[Extracted records]

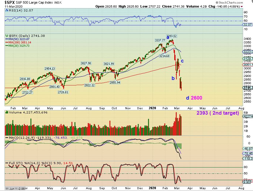 SPX FROM YESTERDAY  – I WROTE:  My downside targets have not been hit yet, but we are getting close.  I have 2600 as the initial target, and a deeper fib target would be roughly 2400 ( 2393).
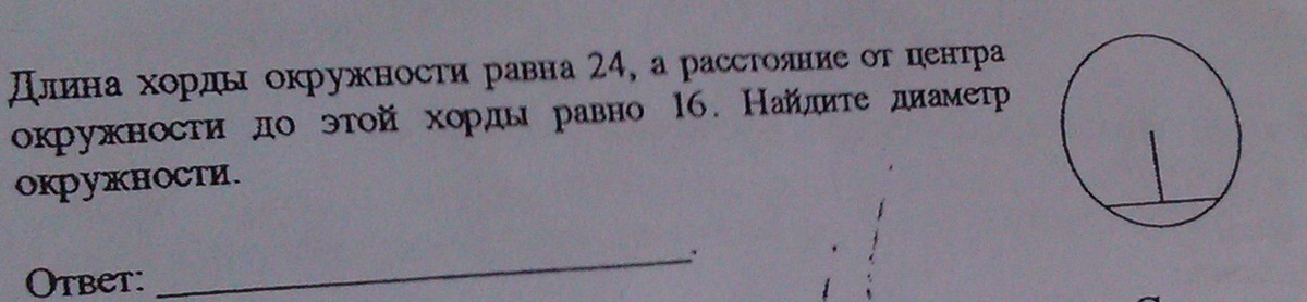 Проведем от центра до конца хорды отрезок, тогда получится прямоугольный треугольник. Отрезок, проведенный от центра, делит на две равные части хорду. В треугольнике известны два катета-16(отрезок от центра), 24:2=12-половина хорды.
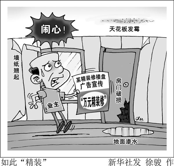 “新华视点”记者调查发现,事实上所谓“万元精装修”的实际标准仅为几百元,“名牌产品”实为不知名小工厂生产的。部分开发商一味追求压缩成本,导致装修质量问题频发。近日,住建部办公厅发布通知,在全国范围内开展建筑市场和工程质量安全监督执法检查。
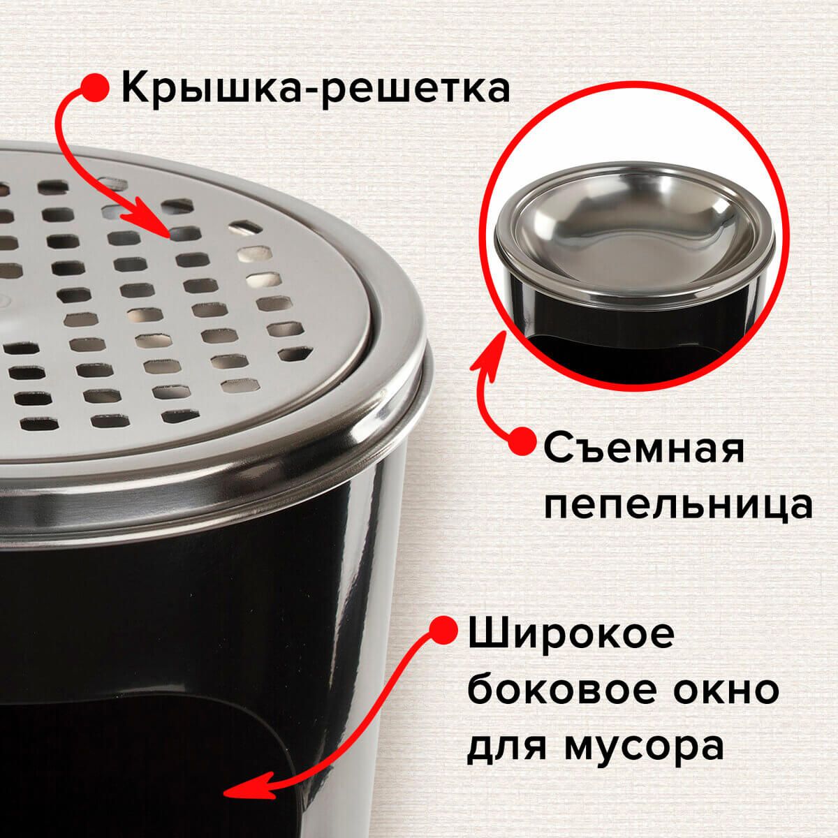 Её вместительные 18 литров позволяют урне справляться с обилием мусора, что особенно важно для мест с высокой проходимостью. Пепельница с крышкой обеспечивает безопасное использование, предотвращая попадание горящих окурков и пепла внутрь.
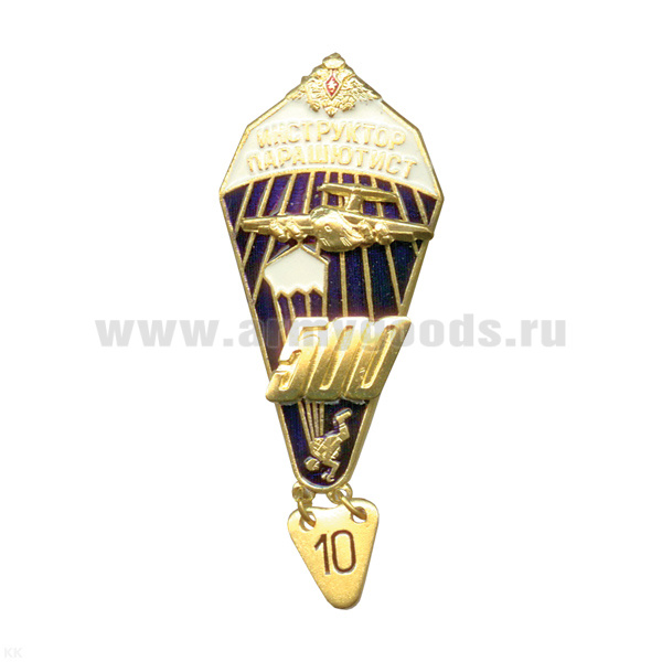 Значок мет. Инстр.-парашютист 500 прыжов (с орлом и накл. самолетом) хол. эм.
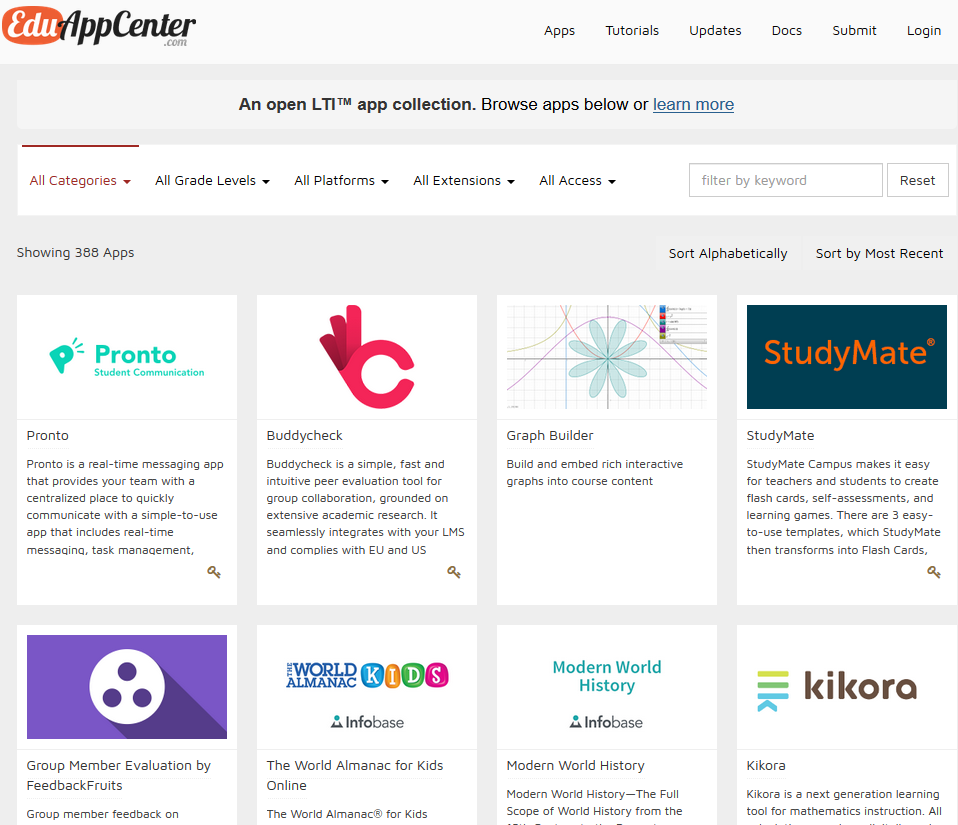 Using the example of https://www.eduappcenter.com/ it can be seen that there are a large number of LTI providers available and the offer shows an example of how to sort and filter LTI providers. But additional information regarding type, Outcome Service and hosting should be displayed.
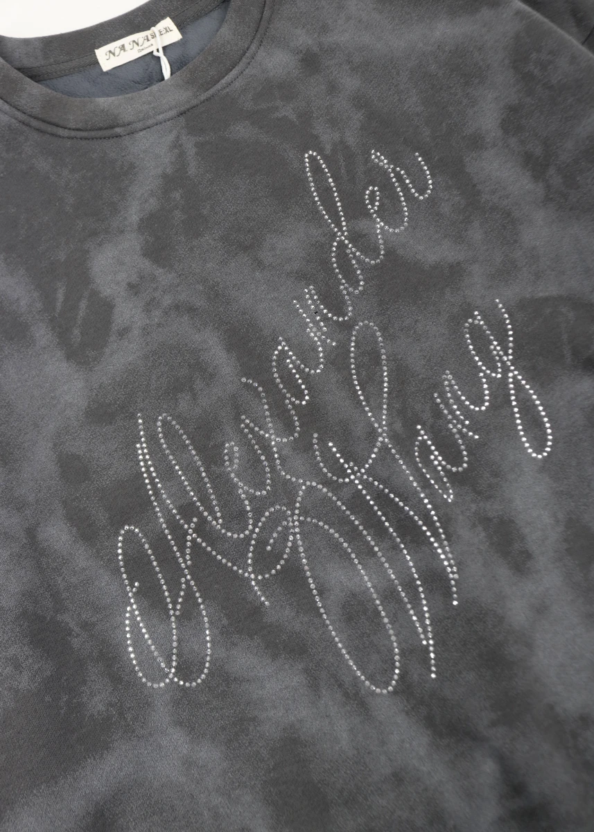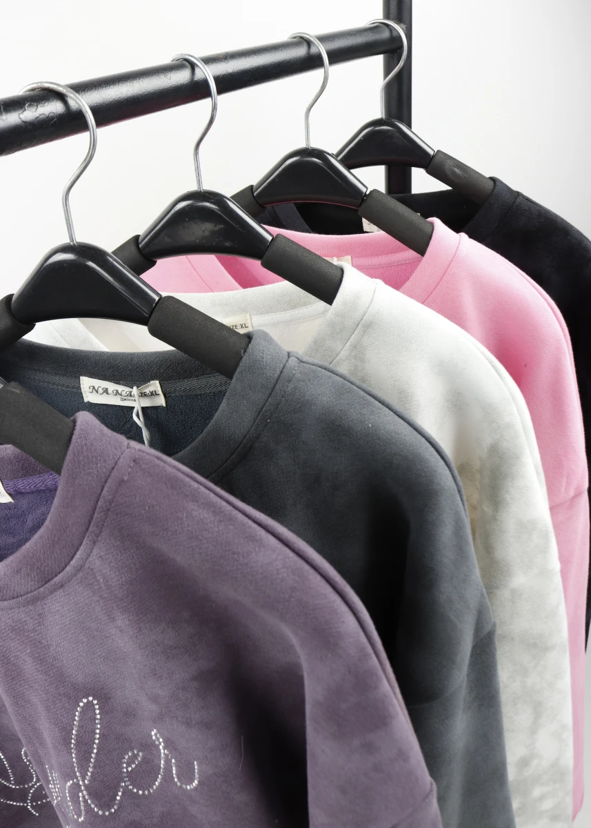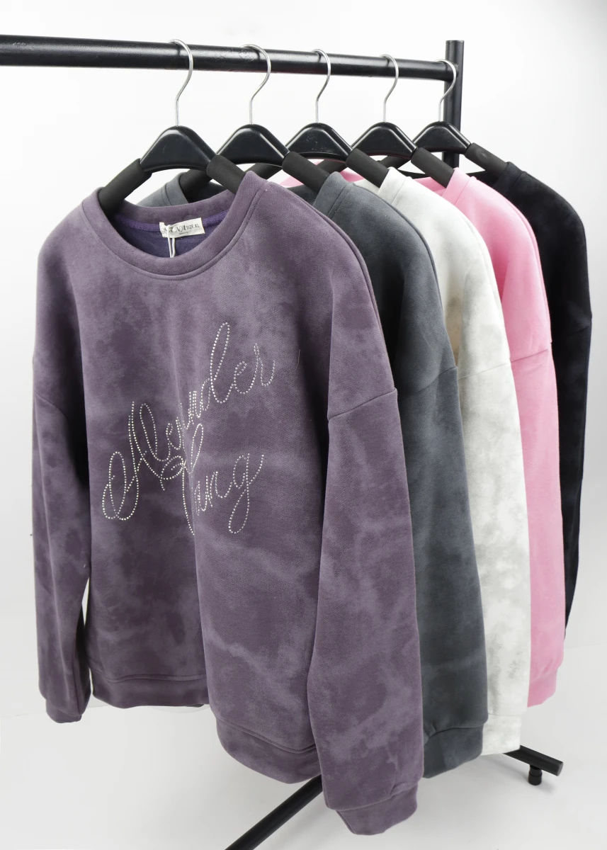 Производитель Китай. Сезон зимы. Круглая горловина. На рукавах и снизу манжеты. Впереди на груди надпись камешками.
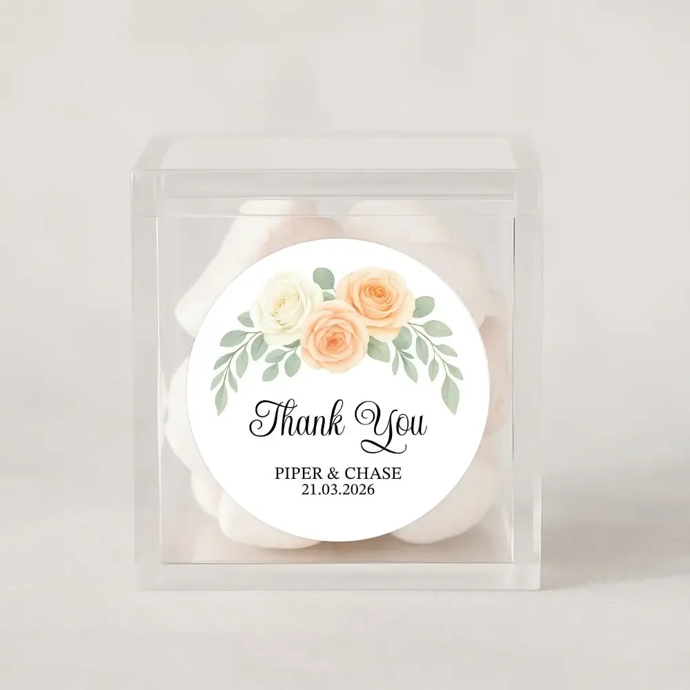 Personalised Wedding Thank You Stickers | Apricot & Ivory Rose Floral Design
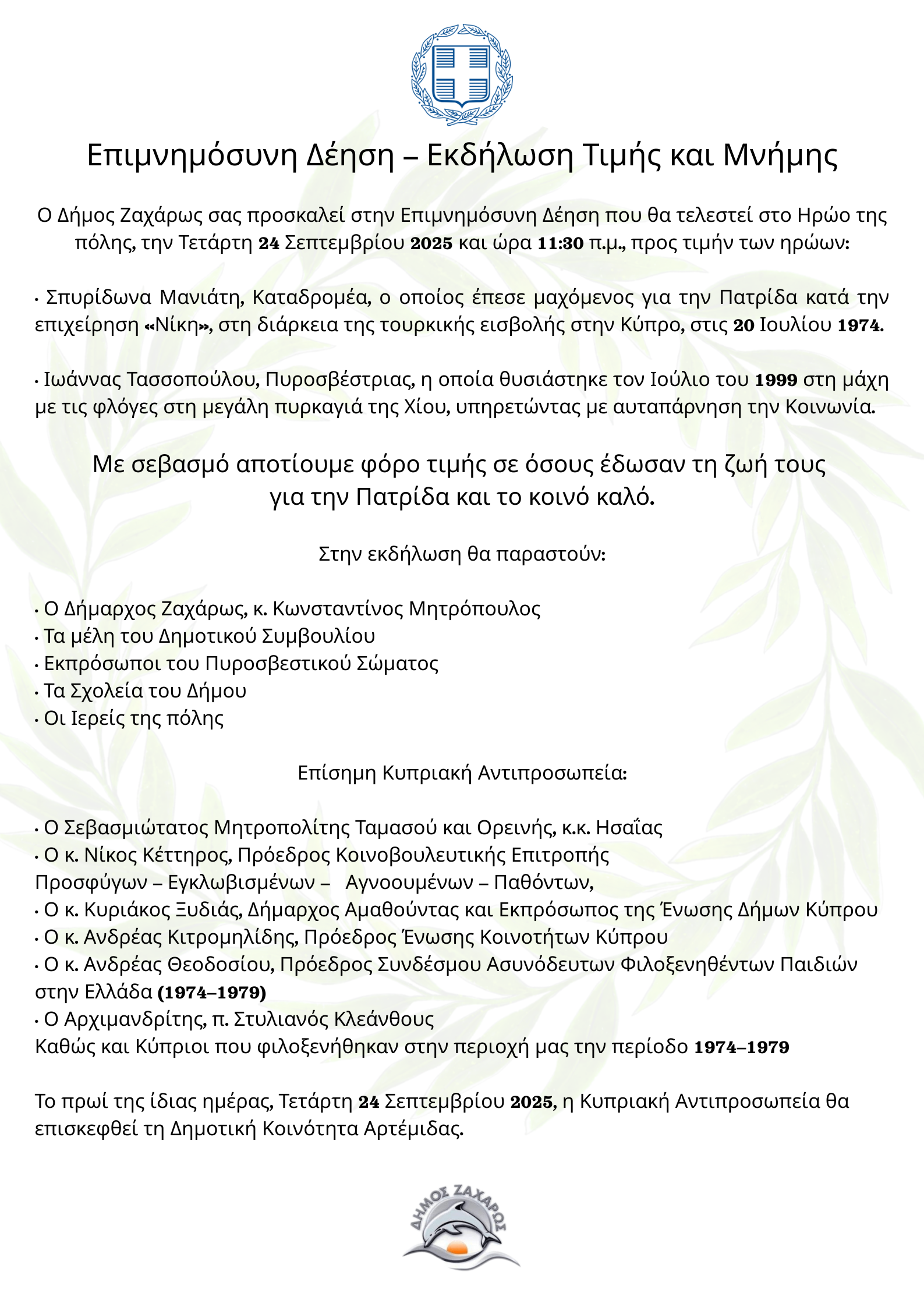 - Ο Δήμος Ζαχάρως Γυρίζει Σελίδα: Εγκρίθηκε η Στρατηγική Ολοκληρωμένη Χωρική Επένδ... 26/6/2025

[/Extracted records]

The task ▸ Return every entry above word for word, leaving pictures out.

Response area ▸
 SPX FROM YESTERDAY  – I WROTE:  My downside targets have not been hit yet, but we are getting close.  I have 2600 as the initial target, and a deeper fib target would be roughly 2400 ( 2393).
 Проведем от центра до конца хорды отрезок, тогда получится прямоугольный треугольник. Отрезок, проведенный от центра, делит на две равные части хорду. В треугольнике известны два катета-16(отрезок от центра), 24:2=12-половина хорды.
 “新华视点”记者调查发现,事实上所谓“万元精装修”的实际标准仅为几百元,“名牌产品”实为不知名小工厂生产的。部分开发商一味追求压缩成本,导致装修质量问题频发。近日,住建部办公厅发布通知,在全国范围内开展建筑市场和工程质量安全监督执法检查。
 Её вместительные 18 литров позволяют урне справляться с обилием мусора, что особенно важно для мест с высокой проходимостью. Пепельница с крышкой обеспечивает безопасное использование, предотвращая попадание горящих окурков и пепла внутрь.
 Значок мет. Инстр.-парашютист 500 прыжов (с орлом и накл. самолетом) хол. эм.
 Using the example of https://www.eduappcenter.com/ it can be seen that there are a large number of LTI providers available and the offer shows an example of how to sort and filter LTI providers. But additional information regarding type, Outcome Service and hosting should be displayed.
 Производитель Китай. Сезон зимы. Круглая горловина. На рукавах и снизу манжеты. Впереди на груди надпись камешками.
 Personalised Wedding Thank You Stickers | Apricot & Ivory Rose Floral Design
 - Ο Δήμος Ζαχάρως Γυρίζει Σελίδα: Εγκρίθηκε η Στρατηγική Ολοκληρωμένη Χωρική Επένδ... 26/6/2025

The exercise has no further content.